Thank you Mark. It would be nice if a thread could be finished with a comprehensive full solution. As it is now, the threads usually end when the OP got enough hint to solve the problem, and the process of solution is not shown, even by the OP.

 

[epenguin]

Yes it seems the rules allow detailed solution and discussion of a solved problem.

Especially in this case where the boot was rather on the other foot - if the OP had not posted the correct solution I would probably have posted one of my incorrect ones!

I say there is a sound educational or learning principle involved.

And because of the Polya principle - when you've got an answer it isn't finished! They will miss concluding comments we might make. This solution is just an example of a wider principle, that technique can be applied to other things, there have been recent advances around the theme being treated... This question or subject matter is related to another.

This last is related thing could do a little to combat what is a vice made too prevalent just by our focussed question-and-answer thing that pervades education which misleads many students into seeing Science as just a fearful ritual in which you have to be able to recite the responses or quote the texts. Or see the world as divided into chapters and subjects, self-sufficient and unrelated.
...

Then we mustn't let happen what I have unfortunately seen a lot of in other worlds and situations - rules rigidly applied to the detriment of the forgotten objective they were invented for in the first place!

 

[epenguin]

Firstly probably the most important thing to for anyone to realize straightaway about this problem is that without solving the d.e. It should be obvious enough that long-term, that is at high t, the solution has to be close to x = t/3 , in fact x = y = z = t/3 .

Then about the solution, I invite comments about this not-quite-the-same reasoning or 'method'.

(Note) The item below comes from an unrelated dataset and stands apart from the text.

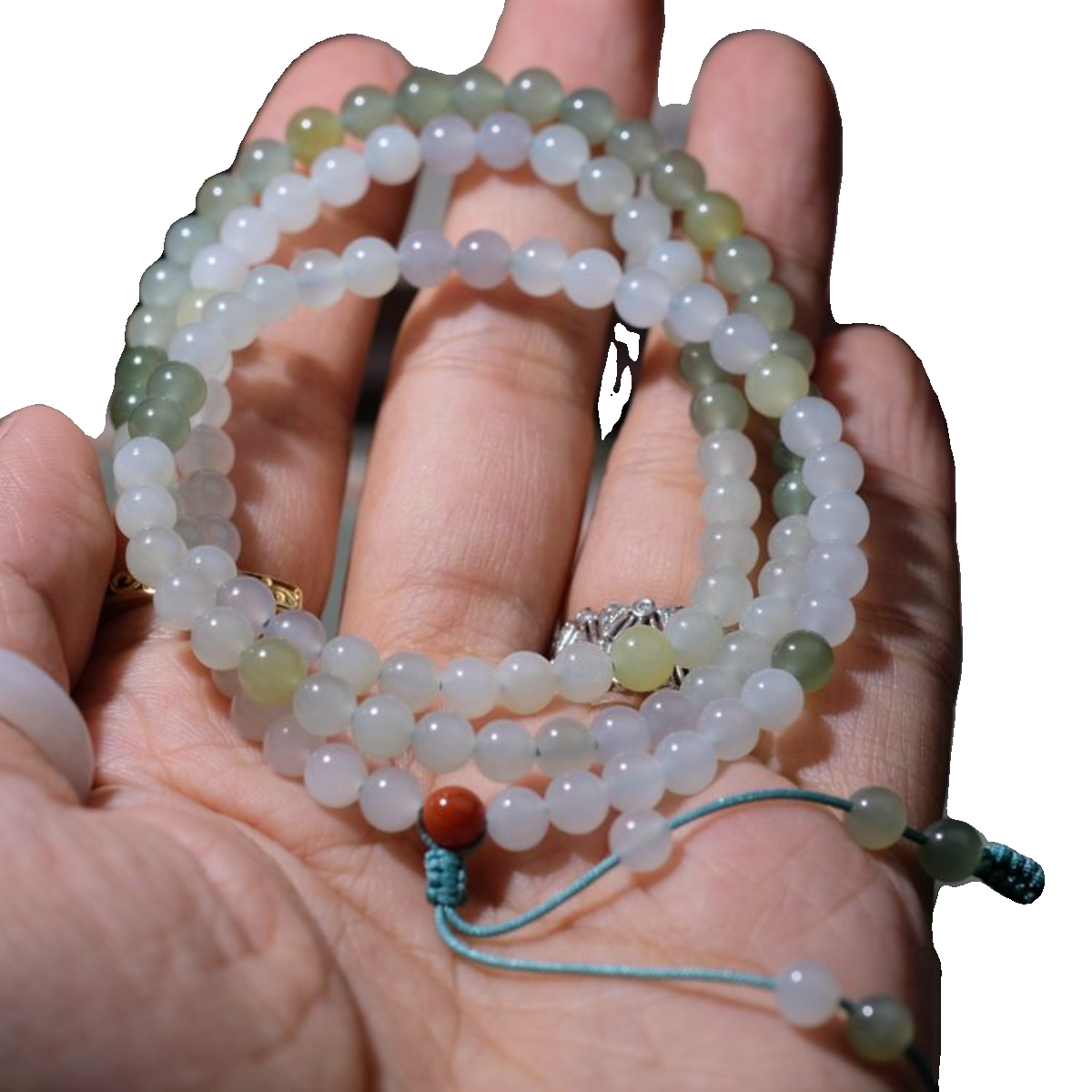住朴-女款项链多圈手串天然手链 和田玉渐变项链晴水渐变白色

Denoting differentiation w.r.t. t by ' sign, the equation is

x' + 3x = 2 + t

Change variable to X = x - 2/3 , equation is

X' + 3X = t

Differentiating,

X'' + 3X' = 1

Changing variable again to Y = X' - 1/3, this is the homogeneous linear d.e.

Y' + 3Y = 0

Y'/Y = 3

Solution

Y = Ae^-3t

X' = Ae^-3t + 1/3

X = Ae^-3t + t/3 + K

x =. Ae^-3t + t/3 + K'

and the arbitrary constants are worked out as before.

Comments:

• in solving d.e.'s I've often enough found it useful to differentiate them (though usually thee are other methods too).
• This gives nicely the most important part of the solution - the long term t/3 term
• The virtue I see is that I/anyone does it from a starting point of greater ignorance, no need to know that if the 'forcing function' (RHS) is a polynomial you have to know or assume then'particular' solution is another polynomial
• I think it works for any polynomial - just have to differentiate it enough times (n) to make a constant.
• (I guess the first substitution was superfluous.)